*** Opening Given records ***
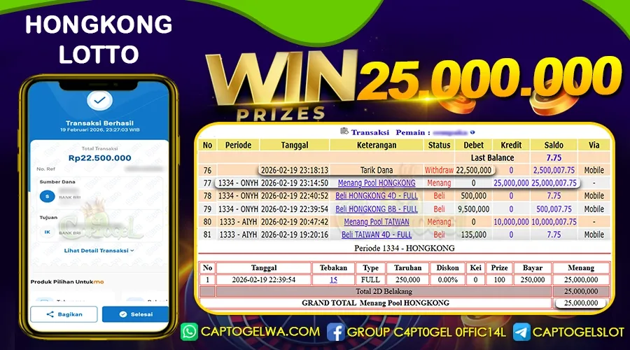 CAPTOGEL – Selamat Kepada Pemenang User ID: re***o dalam permainan HONGKONG LOTTO sebesar Rp 25.000.000 19 FEBRUARI 2026 – bermain di situs game online terpercaya yang telah terbukti dengan bukti jackpot (JP) yang resmi dan terjamin di Indonesia. Platform ini memberikan pengalaman bermain yang aman dan menyenangkan bagi para penggemar game online. Dengan hadirnya CAPTOGEL, pemain dapat menikmati kemudahan akses ke berbagai permainan seru, peluang untuk memenangkan hadiah besar, serta berbagai keuntungan menarik yang telah disiapkan khusus untuk member lama maupun member baru. CAPTOGEL dirancang dengan fokus pada kenyamanan dan keamanan pemain, memastikan bahwa setiap pemain dapat bermain dengan tenang, tanpa khawatir, dan meraih keuntungan maksimal. Dengan pembuktian kemenangan seperti yang diraih oleh User ID: re***o dalam permainan JP HONGKONG LOTTO , CAPTOGEL semakin menunjukkan komitmennya sebagai platform yang memberikan kesempatan menang nyata kepada para penggunanya.
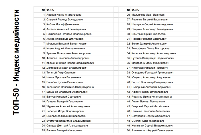 Здесь нужно учитывать то, что медийность депутата далеко не всегда равна его эффективности, — сказал Алексей Мартынов. — Например, 90% высокого медийного рейтинга Леонида Слуцкого обеспечила история с обвинениями депутата в сексуальных домогательствах. Аналогичным образом ситуация обстоит и с Натальей Поклонской, занявшей пятую строчку. Её медийность в основном связана не с депутатской работой, а с её религиозной деятельностью.
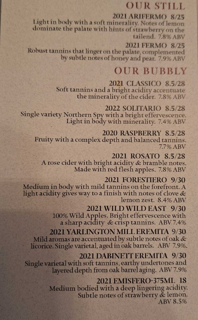 We went to the Westwind Orchard (https://www.westwindorchard.com/) on Friday night to try their cider and have some food. The ciders had complex flavors with descriptions that were similar to wines, but none that we tried were appealing to us. And we split a bowl of pasta and olives for dinner. OK, we split the bowl of pasta and Vicki had the small bowl of olives to herself. We were surprised to find that the cidery had salsa dancing that evening. So we stayed and danced for awhile. And made friends.
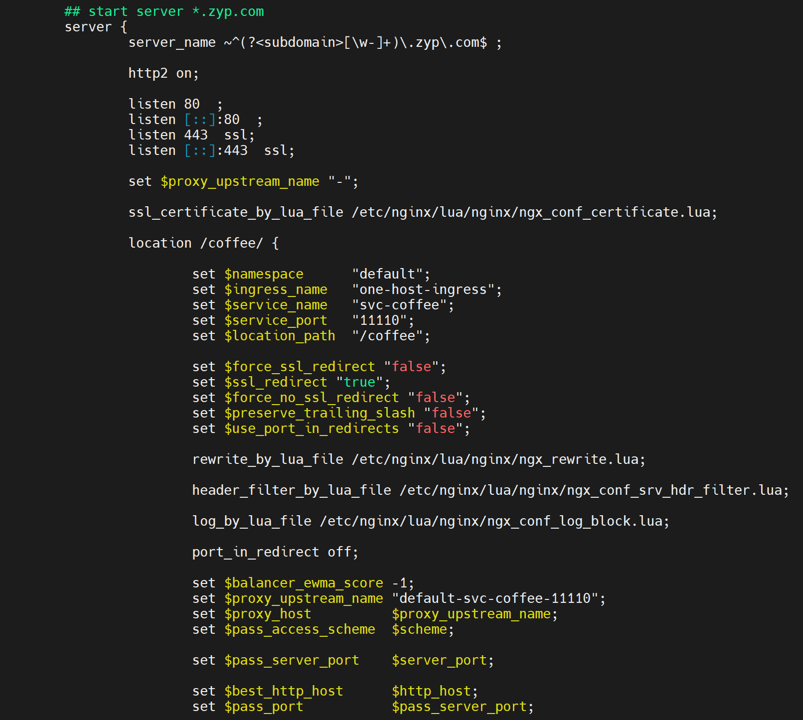 可以看到根据Ingress中定义的规则,已自动写入到nginx.conf文件中。这就是“Ingress NGINX Controller”这款对Ingress定义规则的具体实现方式。
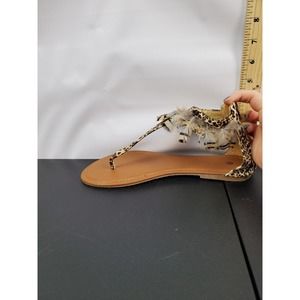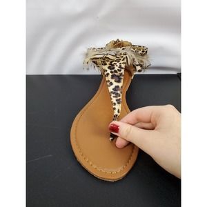 Womens Sandals Brown Feather Leopard Print Flats Heel Clip Toe Back Zipper Sz 8
*** Closing Given records ***
Give every record again without changing a word. Exclude the pictures.

 CAPTOGEL – Selamat Kepada Pemenang User ID: re***o dalam permainan HONGKONG LOTTO sebesar Rp 25.000.000 19 FEBRUARI 2026 – bermain di situs game online terpercaya yang telah terbukti dengan bukti jackpot (JP) yang resmi dan terjamin di Indonesia. Platform ini memberikan pengalaman bermain yang aman dan menyenangkan bagi para penggemar game online. Dengan hadirnya CAPTOGEL, pemain dapat menikmati kemudahan akses ke berbagai permainan seru, peluang untuk memenangkan hadiah besar, serta berbagai keuntungan menarik yang telah disiapkan khusus untuk member lama maupun member baru. CAPTOGEL dirancang dengan fokus pada kenyamanan dan keamanan pemain, memastikan bahwa setiap pemain dapat bermain dengan tenang, tanpa khawatir, dan meraih keuntungan maksimal. Dengan pembuktian kemenangan seperti yang diraih oleh User ID: re***o dalam permainan JP HONGKONG LOTTO , CAPTOGEL semakin menunjukkan komitmennya sebagai platform yang memberikan kesempatan menang nyata kepada para penggunanya.
 Здесь нужно учитывать то, что медийность депутата далеко не всегда равна его эффективности, — сказал Алексей Мартынов. — Например, 90% высокого медийного рейтинга Леонида Слуцкого обеспечила история с обвинениями депутата в сексуальных домогательствах. Аналогичным образом ситуация обстоит и с Натальей Поклонской, занявшей пятую строчку. Её медийность в основном связана не с депутатской работой, а с её религиозной деятельностью.
 We went to the Westwind Orchard (https://www.westwindorchard.com/) on Friday night to try their cider and have some food. The ciders had complex flavors with descriptions that were similar to wines, but none that we tried were appealing to us. And we split a bowl of pasta and olives for dinner. OK, we split the bowl of pasta and Vicki had the small bowl of olives to herself. We were surprised to find that the cidery had salsa dancing that evening. So we stayed and danced for awhile. And made friends.
 可以看到根据Ingress中定义的规则,已自动写入到nginx.conf文件中。这就是“Ingress NGINX Controller”这款对Ingress定义规则的具体实现方式。
 Womens Sandals Brown Feather Leopard Print Flats Heel Clip Toe Back Zipper Sz 8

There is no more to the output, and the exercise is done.